▶ _Your objective_
Could you write out every record below exactly, leaving the pictures out?

/---

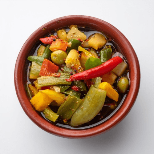 A tangy and spicy condiment made with a mix of vegetables and fruits pickled in a blend of aromatic spices and oil, adding a burst of flavor to any meal. Vegan, Vegetarian, Gluten Free
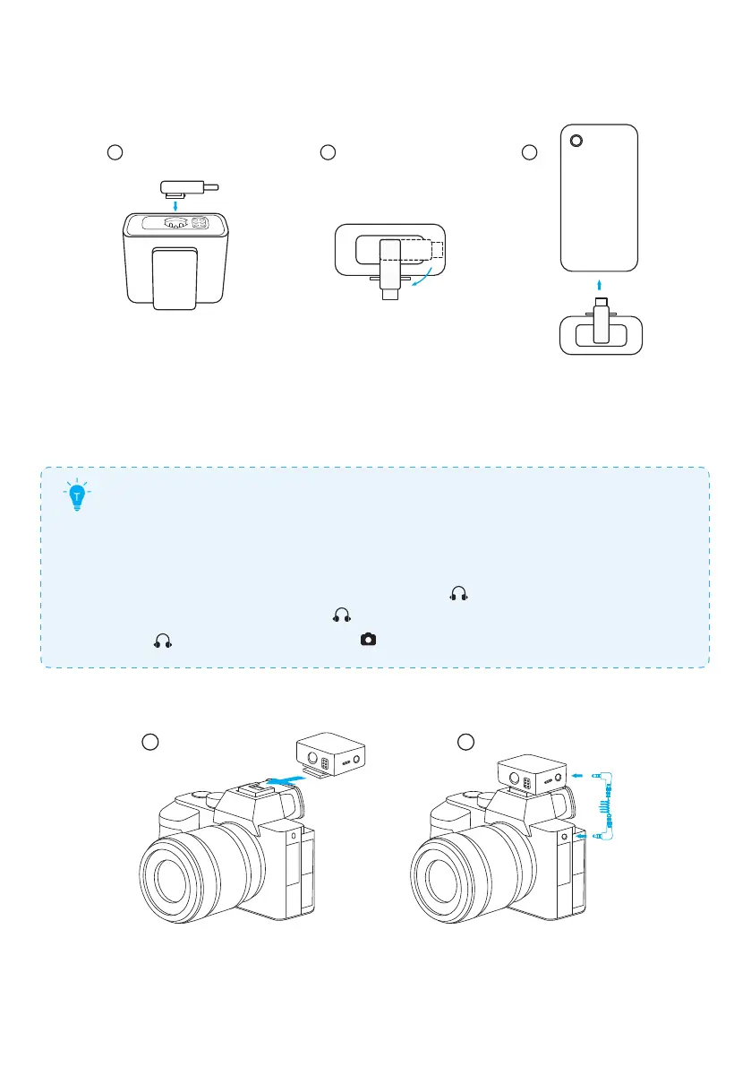 您的麦克风可以录制音频并将其传输到手机。 将接收器连接到手机:
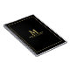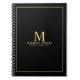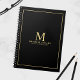 Professional notebook custom custom monogram, name and text in gold classic serif sind with gold border on black background. Please bemerkt: The foil details are simulated in the artwork. No actual foil will be used in the making of this product.
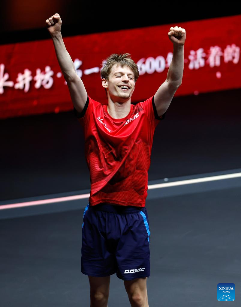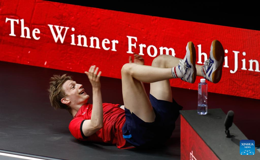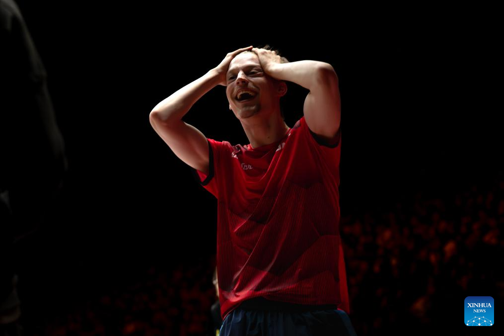 Anders Lind of Denmark celebrates after winning the men's singles round of 32 match against Wang Chuqin of China at 2024 World Table Tennis (WTT) China Smash in Beijing, China, Oct. 1, 2024. (Xinhua/Wang Lili)
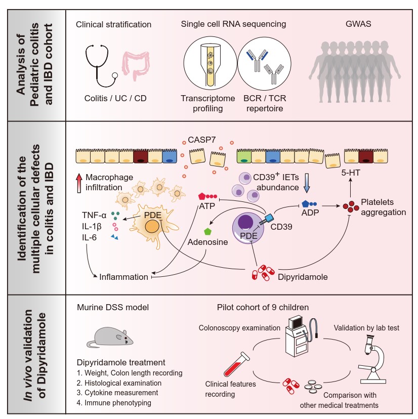 研究团队利用深度免疫分型并结合单细胞转录组测序技术、全基因组关联分析(GWAS)、体外、动物实验和临床测试,揭示了结肠炎和炎症性肠病患儿肠黏膜多个细胞亚型中的cAMP通路被抑制,从而导致级联免疫紊乱并最终促进了PIBD的发生发展(图7)。本文还发现了胞内第二信使激动剂双嘧达莫可以提高cAMP,增加CD39的表达,抑制炎性因子分泌和血小板活化,从而为儿童结肠炎及炎症性肠病的防治开拓了新的领域(图7)。未来,此类药物可能会成为儿童和/或成人胃肠炎症疾病的另一种临床防治选择,有助于降低医疗成本,促进社会和谐。但是因临床环境较为复杂,潘生丁的使用需要继续进行临床实验。具体用药请咨询临床医生。

\---

▶ _Answer section_
 A tangy and spicy condiment made with a mix of vegetables and fruits pickled in a blend of aromatic spices and oil, adding a burst of flavor to any meal. Vegan, Vegetarian, Gluten Free
 您的麦克风可以录制音频并将其传输到手机。 将接收器连接到手机:
 Professional notebook custom custom monogram, name and text in gold classic serif sind with gold border on black background. Please bemerkt: The foil details are simulated in the artwork. No actual foil will be used in the making of this product.
 Anders Lind of Denmark celebrates after winning the men's singles round of 32 match against Wang Chuqin of China at 2024 World Table Tennis (WTT) China Smash in Beijing, China, Oct. 1, 2024. (Xinhua/Wang Lili)
 研究团队利用深度免疫分型并结合单细胞转录组测序技术、全基因组关联分析(GWAS)、体外、动物实验和临床测试,揭示了结肠炎和炎症性肠病患儿肠黏膜多个细胞亚型中的cAMP通路被抑制,从而导致级联免疫紊乱并最终促进了PIBD的发生发展(图7)。本文还发现了胞内第二信使激动剂双嘧达莫可以提高cAMP,增加CD39的表达,抑制炎性因子分泌和血小板活化,从而为儿童结肠炎及炎症性肠病的防治开拓了新的领域(图7)。未来,此类药物可能会成为儿童和/或成人胃肠炎症疾病的另一种临床防治选择,有助于降低医疗成本,促进社会和谐。但是因临床环境较为复杂,潘生丁的使用需要继续进行临床实验。具体用药请咨询临床医生。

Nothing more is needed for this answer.